Postoperatively, there should be no joint immobilization because range of motion is encouraged. With osteochondrotic lesions, there is always some question as to when weight bearing is allowed. To date, there has been no evidence to favor non-weight bearing for more than 6 weeks.

Cartilage transplantation with autografts or allografts is becoming more accepted, although it is associated with significant problems. Donor matching, rejection of the graft, grafting incongruity, prolonged non-weight bearing, and early knee motion present formidable problems at this stage. The best results in several series showed 75% success at 4 years in patients with traumatic injuries.191

Recently, Brittberg and coworkers190 reported on the treatment of full-thickness defects of articular cartilage in the knee with autologous chondrocyte transplantation. This technique involves arthroscopically harvesting healthy chondrocytes from an uninvolved area of the injured knee. These chondrocytes are then cultured in the laboratory for 14 to 21 days. This is followed by a second surgical procedure in which an arthrotomy is performed and the chondral lesion is excised to normal surrounding articular cartilage. The defect is then covered with a periosteal flap, which is sutured in place. The cultured chondrocytes are then injected beneath the periosteal flap. After routine wound closure, active range-of-motion exercises and non-weight bearing are initiated.

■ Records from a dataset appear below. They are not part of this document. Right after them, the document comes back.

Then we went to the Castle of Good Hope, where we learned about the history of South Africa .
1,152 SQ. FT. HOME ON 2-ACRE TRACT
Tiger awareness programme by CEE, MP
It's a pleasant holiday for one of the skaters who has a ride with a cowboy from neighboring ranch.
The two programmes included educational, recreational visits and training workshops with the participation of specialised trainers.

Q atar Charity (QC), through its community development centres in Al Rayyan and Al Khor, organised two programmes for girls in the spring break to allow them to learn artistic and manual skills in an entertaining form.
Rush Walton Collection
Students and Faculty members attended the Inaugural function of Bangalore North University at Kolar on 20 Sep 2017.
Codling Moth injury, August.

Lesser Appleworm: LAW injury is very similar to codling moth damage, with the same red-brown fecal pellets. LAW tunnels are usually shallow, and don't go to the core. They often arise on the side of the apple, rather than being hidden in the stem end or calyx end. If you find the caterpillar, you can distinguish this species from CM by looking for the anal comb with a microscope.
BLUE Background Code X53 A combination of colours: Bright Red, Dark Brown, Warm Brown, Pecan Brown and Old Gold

By about 8 weeks, patients are allowed full weight bearing. These investigators reported that 2 years after transplantation, 14 of 16 patients with femoral condylar transplants had good or excellent results; at an average follow-up of 3 years, 2 of 7 patellar transplants were good or excellent, 3 were fair, and 2 were poor. Biopsy of the transplant site demonstrated that 11 of the 15 femoral transplants and 1 of the 7 patellar transplants had the appearance of hyaline-like cartilage containing type II collagen. The results of this new technique appear encouraging, and further investigation must be undertaken.

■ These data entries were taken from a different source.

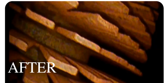
Finned tubes after EPIC cleaning
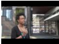
My Generation - When we were young
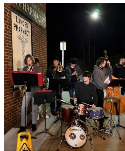
Jazz Combo Club
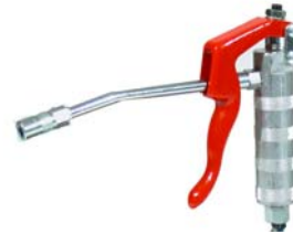
Control Handle 1536A

Complete system with all parts shown for pumping grease from 120-lb. drum
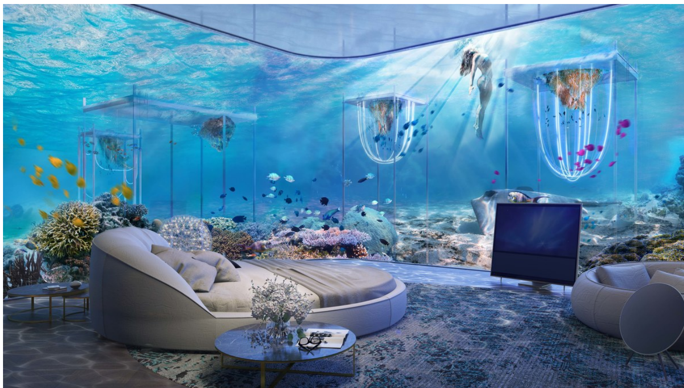
THE FLOATING LIDO

“Tourism is also a highly fragmented sector; 80 percent of businesses in tourism are small and medium-sized enterprises who rely on guidance and support from sector leadership. The sector must be part of the solution.”
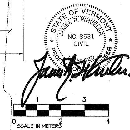
GEOPIER LOCATION PLAN SCALE: 1:20

DESIGN/BUILD GEOTECHNICAL 12 Mount Royal Ave., Ste. 208 Warborough, MA 01752 Tel: 508-481-3849 Fax: 508-460-1114 "DELIVERING THE GEOPIER FOUNDATION SYSTEM"
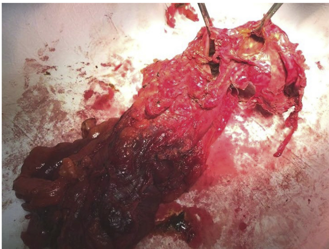
Fig. 3. Right colon with duplication cyst.

regular but thickened walls with post-contrast enhancement, adjacent the hepatic colonic flexure (Fig. 2). Some enlarged lymph nodes were identified. The rest of the colon appeared normal. The patient was optimised for surgery, and a laparoscopic approach was decided. During the explorative laparoscopy, a cyst completely attached to the ascending colon, arising from its mesenteric border was identified. The external surface of the mass was pinkish-grey colour (Fig. 3). Laparotomy conversion was performed due to the impossibility to have a satisfying overview of the mass, and a right hemicolectomy was done. The postoperative course was regular, and the patient was discharged after six days. Pathology reported intestinal duplication cyst, communicating with the normal bowel lumen, with normal mucosa,
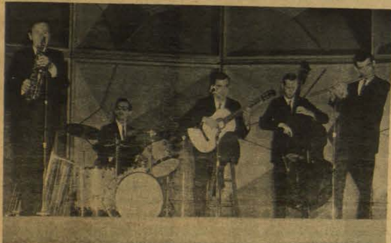
PAUL WINTER ENSEMBLE

Authors' Preferred Method of Treatment

In the acute setting for the patient in whom a diagnosis of chondral fracture is present after other diagnostic evaluations (eg, clinical examination, roentgenograms, MRI) are normal and the history suggests a nonligamentous chondral injury, our initial approach is symptomatic relief with devices that relieve weight bearing, ice, nonsteroidal anti-inflammatory medication, and encouragement of persistent range-ofmotion exercise. Swimming is one of the best modalities for maintaining this range of motion, especially if the patient avoids 'whip-kicks.' Quadriceps- and hamstring-strengthening exercises should be initiated, avoiding contact areas through the range of motion at the site of the articular cartilage defect.

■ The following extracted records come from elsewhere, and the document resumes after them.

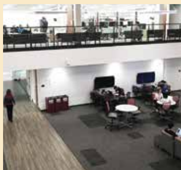
Classroom, lab, study, and collaboration space coexist nicely in Engineering's new digs.

We've been speaking for some time in this publication and elsewhere about the many "surge" moves in progress and prospective facing the School of Engineering in preparation for the final move (now promised for fall 2021) into the magnificent new Sobrato Campus for Discovery and Innovation (SCDI). After all of the talking and planning, here is what has happened.
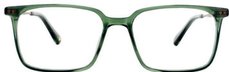
C2 - GREEN & SILVER WHDEF2
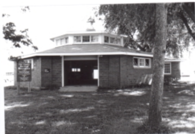
The Dairy Farm Pavilion is presently in use in teaching livestock selection and management. Students and faculty with support of the dairy industry recently restored the unit.

This oval facility is constructed of clay tile and provides seating for students and spectators at events. The unit has high windows for natural light and a delightful architectural character reminiscent of pavilions built at major fair grounds. The building was restored recently by an effort of students and faculty supported by the dairy industry. Construction was most likely in 1921 or 1922; a 1923 photograph shows a new building but the construction site was healed at the time.
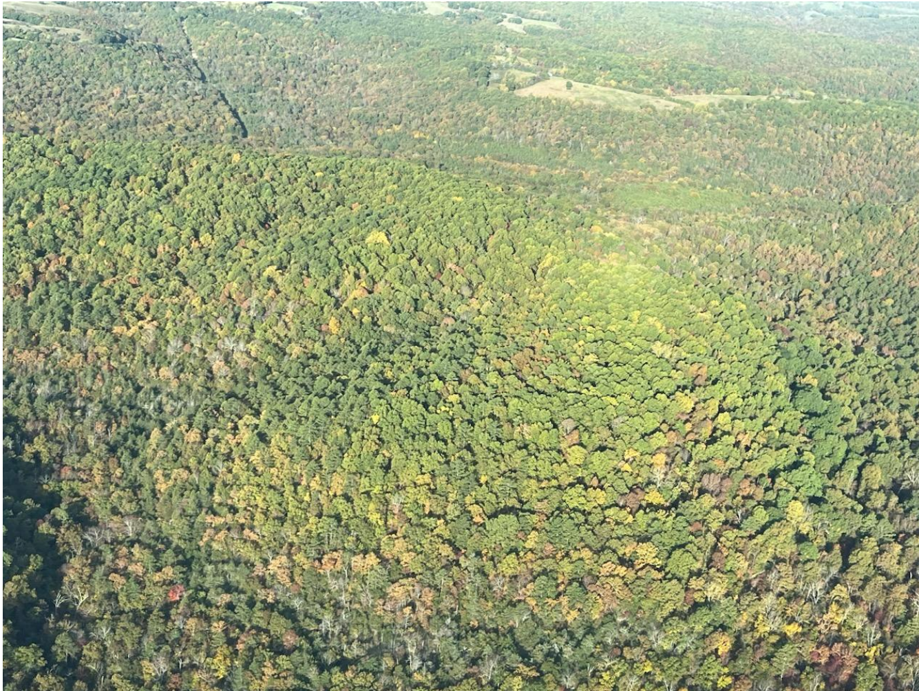
The Smith's flight to 4M1 October 21st.

If discomfort and swelling persist for more than 6 weeks after injury, it is reasonable to consider arthroscopic evaluation, possible removal of loose articular cartilage, and debridement of degenerative cartilage. Although symptoms of discomfort can vary, swelling suggests an ongoing process that, as noted, might be injurious to the extracellular matrix. The risk-benefit ratio for arthroscopic diagnosis and treatment warrants serious consideration when a patient's symptoms persist.

We do not replace pieces of articular cartilage unless they are acute, large osteochondral fractures that are amenable to fixation. There is no rule as to what size fragment should be removed, but with a fragment in excess of 25% of the joint surface, we often attempt to reposition it (see Fig. 29-62).